No it does not. For instance, assume that M=V=P=Q=1. That us assume that M is increased to 2, then the equation would still be satisfied by V=P=Q=2. Note how nothing is constant with that solution.

Another note: You have always been talking about a causality from M to P. How do you know there isn't actually a causality from P to M?

After all, when the price level rises, businesses and people both apply for, and can justify, larger loans. That in turn increases the money supply M1 (remember that M1 is essentially sum of deposits, and an increase in the volume of loans implies an increase in the volume of deposits). Just more food for thought...

This is quite possible, and probably happens all the time.

I know this is hard to stomach, but the fact that the central bank will always lend to banks that have their balance sheet in order according to capital regulations is not a contested claim in economics. In fact, this "lender of last resort" purpose was historically a big reason for why central banks were created in the first place. Yes, you can read about it on Wikipedia.

The motivation for that setup is to draw a clearer distinction between insolvency and illiquidity. For non-financial firms, those two are usually quite closely related, but financial firms can easily become illiquid even while being solvent, because solvency of financial firms is very hard to judge for market participants - in the end, that's what bank runs are all about. So the original idea was that regulators make sure banks stay solvent, and then supply all the liquidity that may be needed. Of course, this theory is kind of subverted by regulatory capture, but that's a different topic.

Except the over-simplification "having their balance sheet in order", that is exactly how I understand it works. It doesn't contradict anything I said. But if you think banks can *always* use the central bank as an owner of last resort, even if they have no deposits at all, you would have a hard to explaining why banks crash at all.

Most importantly, they can always borrow from the Fed, and this view also applies to the entire banking system as a whole.

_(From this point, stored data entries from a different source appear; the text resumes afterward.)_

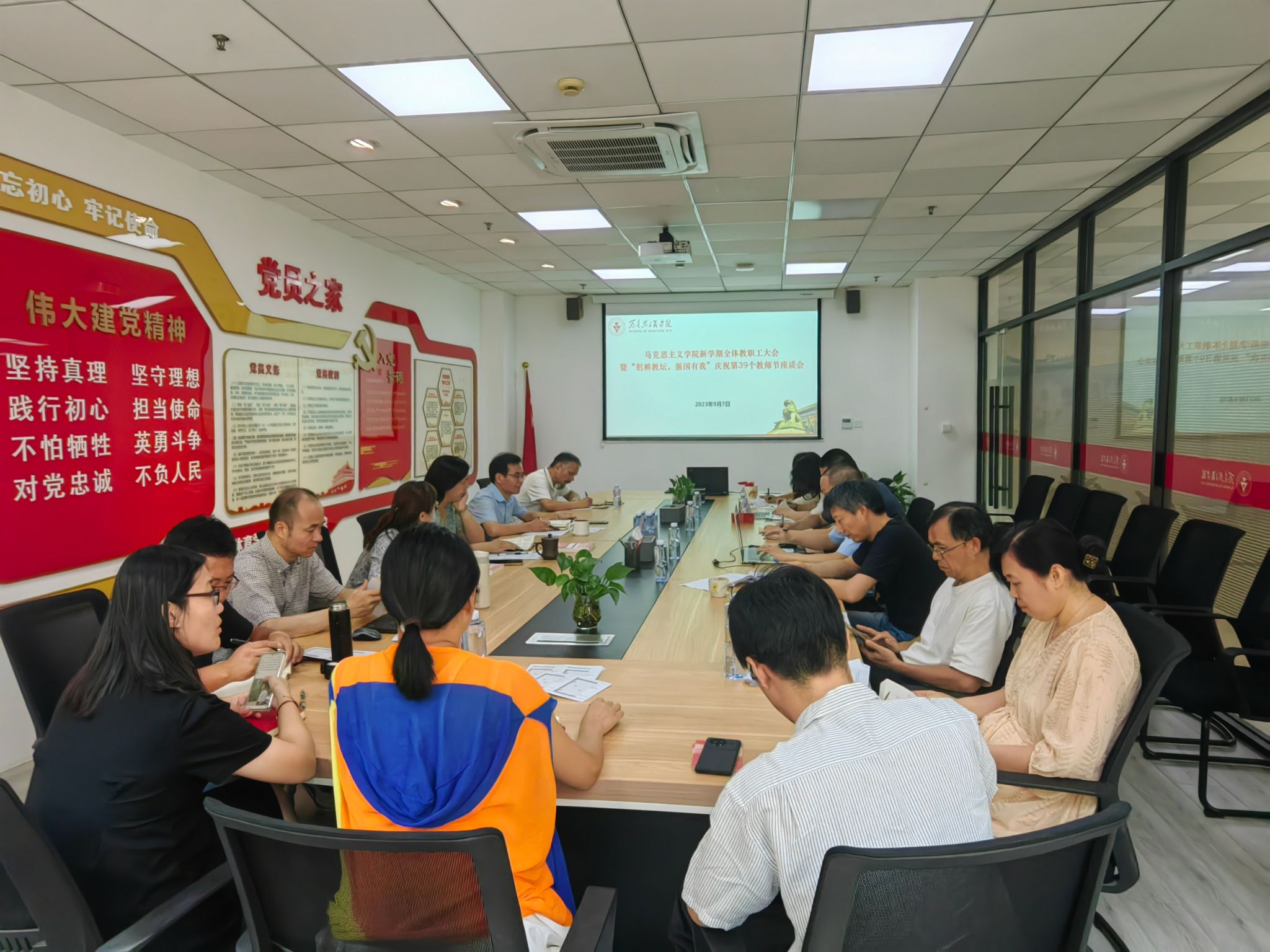 本网讯 9月7日下午,马克思主义学院新学期教职工大会暨“躬耕教坛,强国有我”第39个教师节座谈会在123会议室举行,布置新学期各项工作,迎接第39个教师节的到来。学院直属党支部书记、院长胡德平主持会议,并转达了党委书记李崟对学院全体教师的节日慰问和祝福。李崟对学院上半年工作给予了充分肯定,要求下半年要扎实做好主题教育“后半篇文章”,把主题教育成果体现到学院高质量发展上。
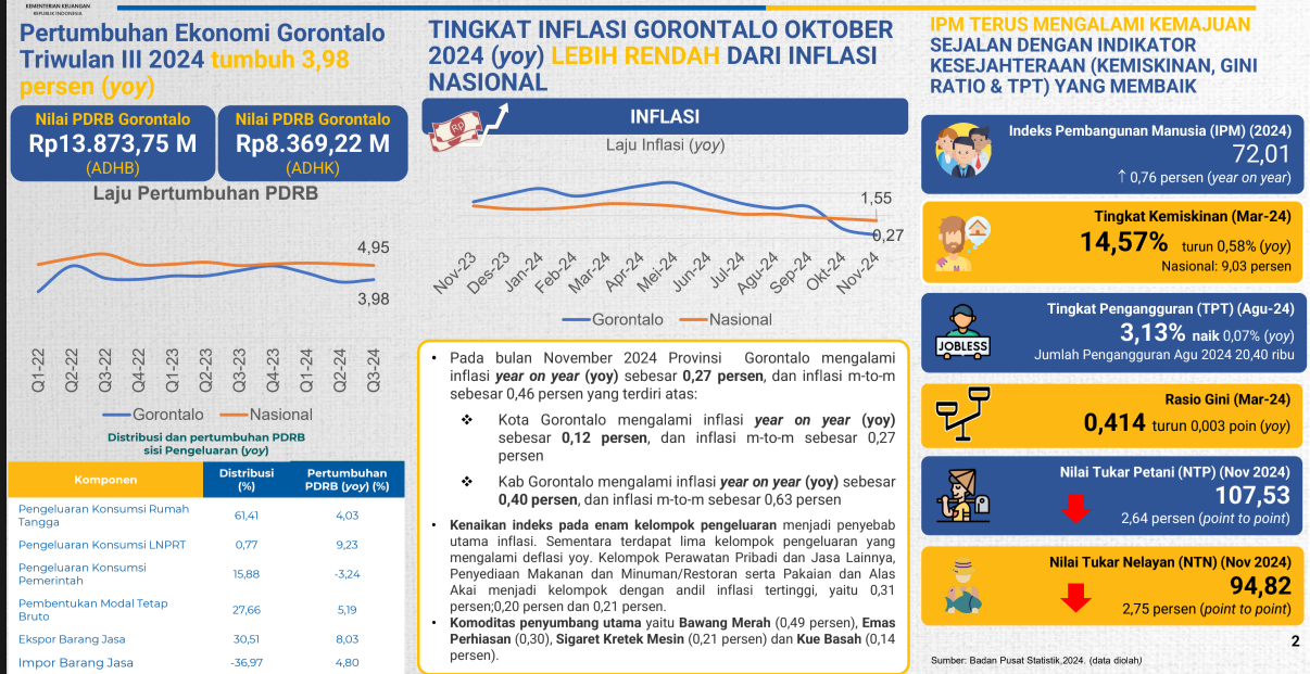 Ekonomi Gorontalo Triwulan III 2024 Tumbuh 3,98 Persen, IPM Meningkat, KUR Capai Rp 503,81 M
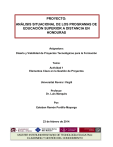 PROYECTO: ANÁLISIS SITUACIONAL DE LOS PROGRAMAS DE EDUCACIÓN SUPERIOR A DISTANCIA EN HONDURAS Asignatura: Diseño y Viabilidad de Proyectos Tecnológicos para la Formación Tema: Actividad 1 Elementos Clave en la Gestión de Proyectos Universitat Rovira i Virgili Profesor: Dr. Luís Marqués Por: Esteban Ramón Portillo Mayorga 23 de febrero de 2014. 1 Tabla de contenido Resumen .................................................................................................................................................. 3 Planteamiento y Justificación del problema. ................................................................................. 4 Descripción de elementos que justifican el problema. ................................................................... 4 Estado del Arte ..................................................................................................................................... 4 Contexto en el que se enmarca el proyecto ................................................................................... 6 Objetivos. ................................................................................................................................................. 7 Objetivo General ................................................................................................................................ 7 Objetivos específicos ....................................................................................................................... 7 Beneficios esperados ........................................................................................................................... 8 Metodología: ........................................................................................................................................... 8 Planificación............................................................................................................................................ 9 Cronograma ......................................................................................................................................10 Recursos ............................................................................................................................................11 Presupuesto ......................................................................................................................................11 Evaluación .........................................................................................................................................12 Cierre ...................................................................................................................................................12 Bibliografía ............................................................................................................................................13 ÍNDICE DE CUADROS: Cuadro 1. Planificación de actividades ................................................................................................ 9 Cuadro 2. Cronograma de actividades. .............................................................................................10 Cuadro 3 Detalle de recursos previstos. ............................................................................................11 Cuadro 4. Presupuesto estimado para la realización del proyecto. ..............................................11 2 Resumen Con la realización del presente proyecto se pretende conocer, con algún detalle la realidad actual de la educación a distancia en Honduras así como sus perspectivas. La intención anterior surge del interés de un grupo de inversionistas que han intuido una oportunidad de negocio al observar que la crisis económica mundial está limitando el acceso a la educación superior a muchas personas. Piensan que se puede proporcionar un servicio de educación virtual a este potencial mercado, con precios competitivos en comparación con la modalidad de estudio presencial. Han tomado la decisión de, que previamente a la realización de un estudio de factibilidad para crear un centro de educación superior virtual, realizar un análisis situacional de la educación superior a distancia en el país. Además para emprender cualquier curso de acción en lo referente a la educación virtual, se necesita conocer bien el punto de partida, que permita hacer una planificación bien fundamentada, y disponer de una base de comparación para evaluaciones futuras. Se planificaron tres fases: 1) Formulación teórica, 2) Trabajo de campo y 3) Sistematización y Elaboración del Documento Final. El perfil temporal del proyecto es de cinco meses de febrero a junio de 2014. Los costos para la realización del proyecto se estiman en US$ 12,205.00 (doce mil doscientos cinco dólares). Se espera beneficiar tanto a la población estudiantil para facilitar su acceso como a los potenciales inversionistas al entregar un análisis situacional de la educación a distancia de Honduras. 3 Planteamiento y Justificación del problema. Descripción de elementos que justifican el problema. En vista de que el contexto económico mundial actual, donde casi la generalidad de los países atraviesa por un ciclo económico recesivo, situación ésta, que dificulta la accesibilidad de muchos estudiantes, para cursar estudios superiores (Álvarez Pérez, Cabrera Pérez, González Afonso, & Bethencourt Benítez, 2006), un grupo de personas, integrado por profesionales de la educación, administradores de empresas, e inversionistas privados—quienes, de momento, han solicitado anonimato— desean aprovechar esta coyuntura, para facilitar a estos prospectos, una oportunidad para acceder a los estudios superiores, con un coste menor, a través de la creación de un centro de educación superior virtual en Honduras. Para este propósito, se plantea la necesidad de un estudio situacional de la educación virtual superior en Honduras, por medio del cual se pr
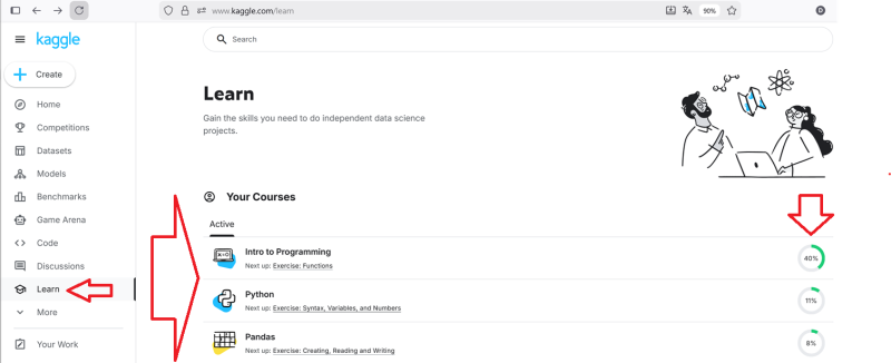 - Nach Ablauf der Zeit, sprich in der nächst möglichen Unterrichtslektion, überprüft die Lehrperson den Bearbeitungsstatus des jeweiligen Werkshops durch die Fortschrittsanzeige in Kaggle-Learning-Bereich.
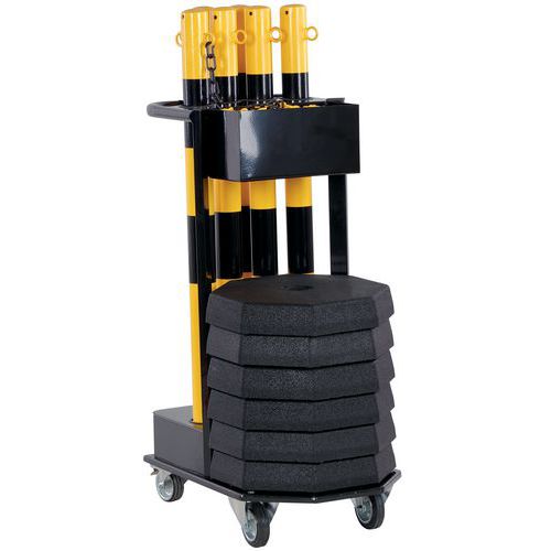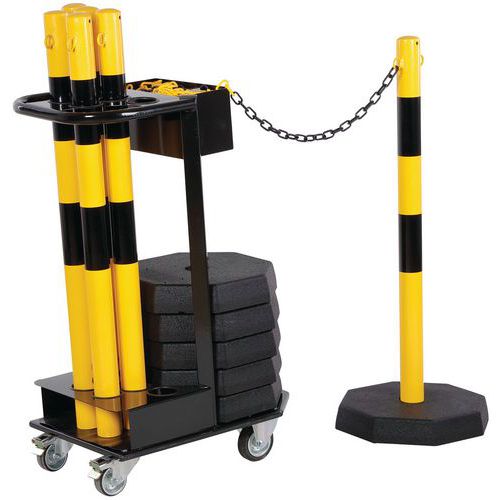 Teräskärry ja pylväät: helpottaa pylväiden kuljetusta ja varastointia. Voidaan käyttää sekä sisällä että ulkona galvanoidun teräsrakenteen ansiosta. Hyvä näkyvyys kaksisävyisen rakenteen ansiosta. Erittäin helppo asennus. TÜV-sertifikaatti.
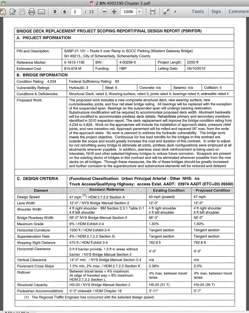 The required bridge section shall be 68’-6” feet fascia to fascia, 6” wider than the existing width.  The bridge section (looking towards Schenectady) shall consist of a 14” width for placement of the parapet, a 10’-2” sidewalk, a 5” granite curb, a 14’-0” shared use lane, two 11-0” travel lanes, a 14’-0” shared use lane, a 5” granite curb, a 5’-2” sidewalk and a 14” width for placement of the parapet.
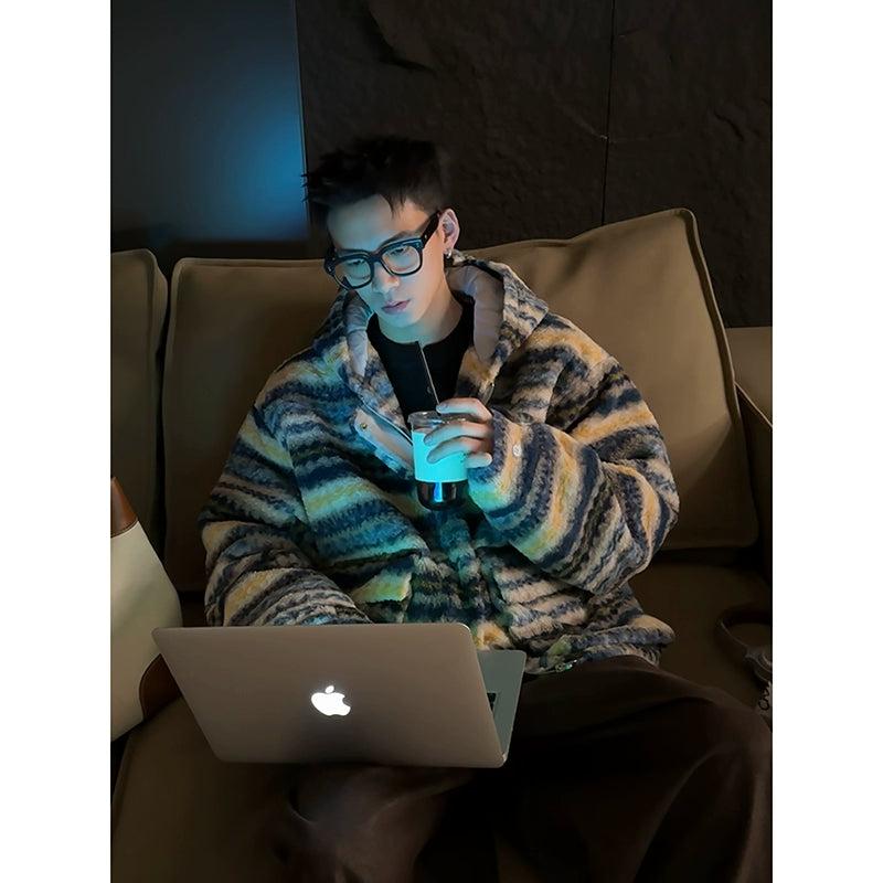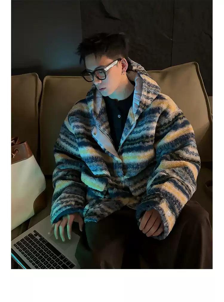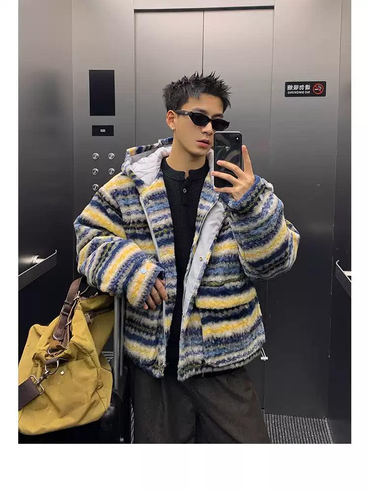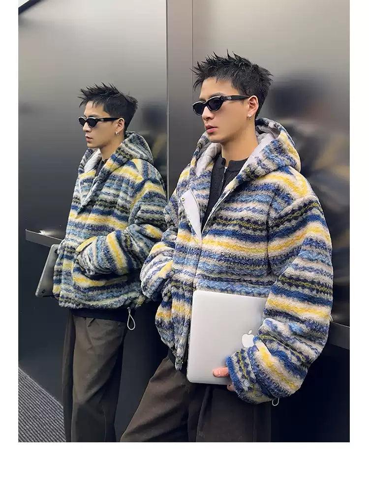 Contrast Striped Hooded Fleece Jacket

If this was true, no bank would ever crash (but the state would, eventually). I have tried to find the exact requirement, but other than the bank has to be "systemic", I haven't found anything. In this country, it works like this: every so often, a bank is inspected. If it does not satisfy the requirements, it will have a period to raise the extra money. If it fails, it will be absorbed a state-owned institution, which attempts to sell off what it can to other parties and wind off the rest.

I sincerely doubt they can always borrow from the Fed without some pretty stiff penalties, prices and/or sacrifices.

They have to pay the discount window interest rate which is higher than the usual interbank interest rate. Whether you consider that "pretty stiff" is up to you, the setting of those interest rates is public data, you can take a look for yourself.

They probably also have to satisfy some criterias. Anyway, so they are paying a penalty, which other banks are not. Everything else being equal, that would make that bank unable to compete, and kill it off as per normal market forces.